# Luftwaffe Aces Biographies and Victory Claims



## Micdrow (Dec 19, 2014)

Hi guys,

Was wondering if any one has seen or purchased this series of books. Are they any good or worth the money? As I am thinking of getting a set.

Luftwaffe Aces | Product Tags | Wing Leader


Many thanks in advance Paul


----------



## Airframes (Dec 19, 2014)

I mentioned these a few weeks ago Paul, in a thread announcing their publication. 
Apart from the extracts on their web site, I haven't seen the books, but the RAF versions got good reviews, and the other books I've had from them, such as the Luftwaffe Crash Archive series, and monographs on such things as B-17, B-24, Do-17, and Mosquito units, have been good. Perhaps at first glance a little pricey for the soft-back volumes mentioned, but they're cheaper by pre-order, and there's obviously a lot of work goes into them, so worth the expense I think.


----------



## Micdrow (Dec 19, 2014)

Thanks Terry, must have missed the thread. Still debating on getting a set. Might go for it around Febuary next year .


----------



## Airframes (Dec 20, 2014)

Good stuff Paul. I'm debating whether or not to get their new books on the Polish contribution in the RAF. I seem to have been spending a bit lately so, like you, I'll wait and decide around late January or early February. That said, my existing bookshelves have now reached total capacity, and I don't have room for any more !


----------



## Micdrow (Dec 20, 2014)

Airframes said:


> Good stuff Paul. I'm debating whether or not to get their new books on the Polish contribution in the RAF. I seem to have been spending a bit lately so, like you, I'll wait and decide around late January or early February. That said, my existing bookshelves have now reached total capacity, and I don't have room for any more !
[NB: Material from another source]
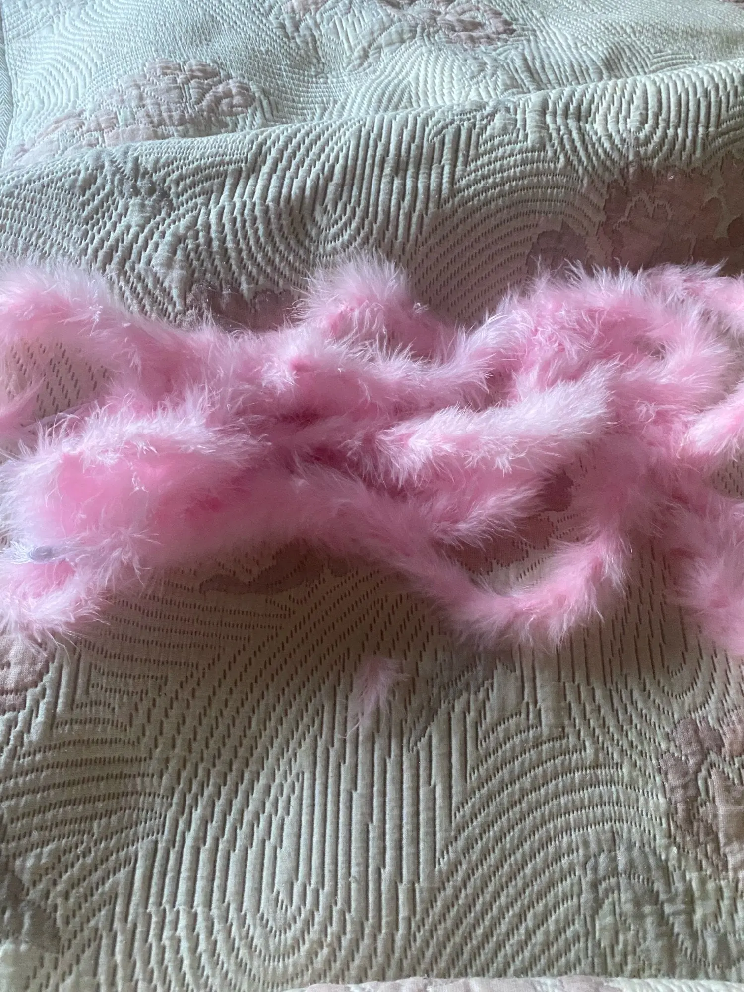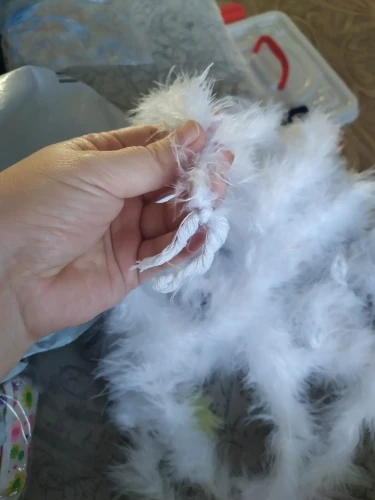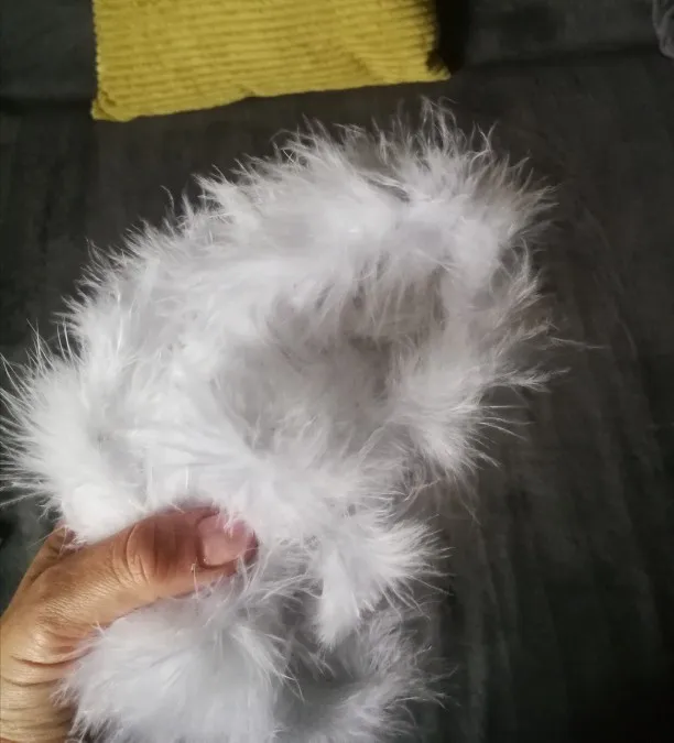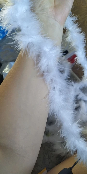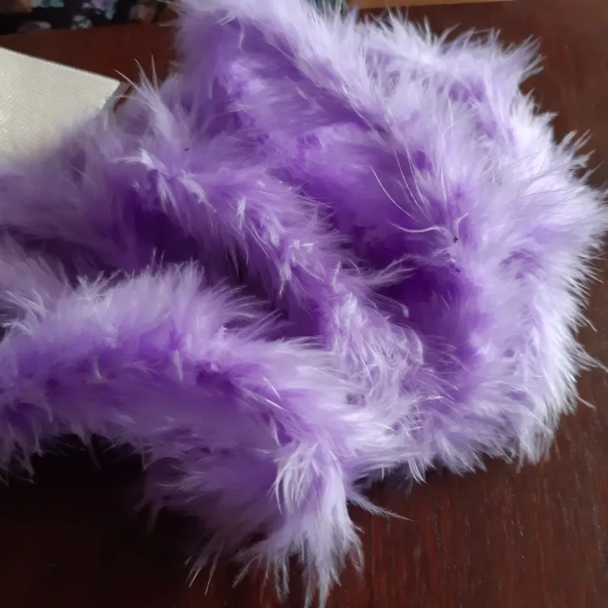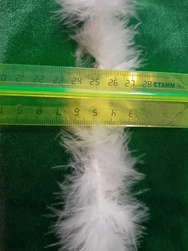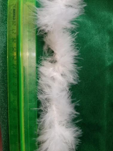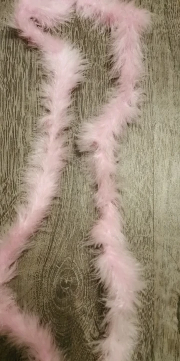 Чуть-чуть отличается цвет - более розовый, чем на картинке, меньше сиреневого оттенка. Не очень пушистый пух, тоньше, чем на картинке. Длинна - ровно 2 м, но первый сантиметр тесьмы без пуха. То есть тесьма с пухом - 1,99 м. Доставка до почтового отделения Москвы в сборной посылке - 16 дней с момента оплаты. В общем, товар недорогой и соответствует своей невысокой цене. Рекомендую всем, кому не важны перечисленные нюансы.

I agree with you Terry, that is my biggest problem right now as I do need another book case. They are all maxed out and well my wish list of books seems to be getting longer and not shorter. Right now that series is not offered in the US that I know of so that makes it harder as well unless some one here knows a dealer in the states. Amazon does not carry them.


----------



## Airframes (Dec 20, 2014)

I'll see what I can find out Paul, or I can ask them if they have a US agent, or can send to the 'States and at what cost etc. 
If worst comes to the worst, I can always get them, and then send them on - might work, depending on shipping costs ?


----------



## Micdrow (Dec 20, 2014)

Airframes said:


> I'll see what I can find out Paul, or I can ask them if they have a US agent, or can send to the 'States and at what cost etc.
> If worst comes to the worst, I can always get them, and then send them on - might work, depending on shipping costs ?
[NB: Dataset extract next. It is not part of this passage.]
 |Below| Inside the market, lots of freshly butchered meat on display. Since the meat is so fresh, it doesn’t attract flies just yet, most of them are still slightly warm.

Thanks Terry, If I do something I will let you know, for that much money I really want to see more info on the books before I buy. As is I just bought 4 more today that are in the other thread LOL.


----------



## Airframes (Dec 20, 2014)

Yep, it's quite an investment for the full set so, like you, I'd certainly want to know, and hopefully see more before taking the plunge.


----------



## Wayne Little (Dec 21, 2014)

Definitely want to see contents, then I will decide on whether the outlay is worth it...


----------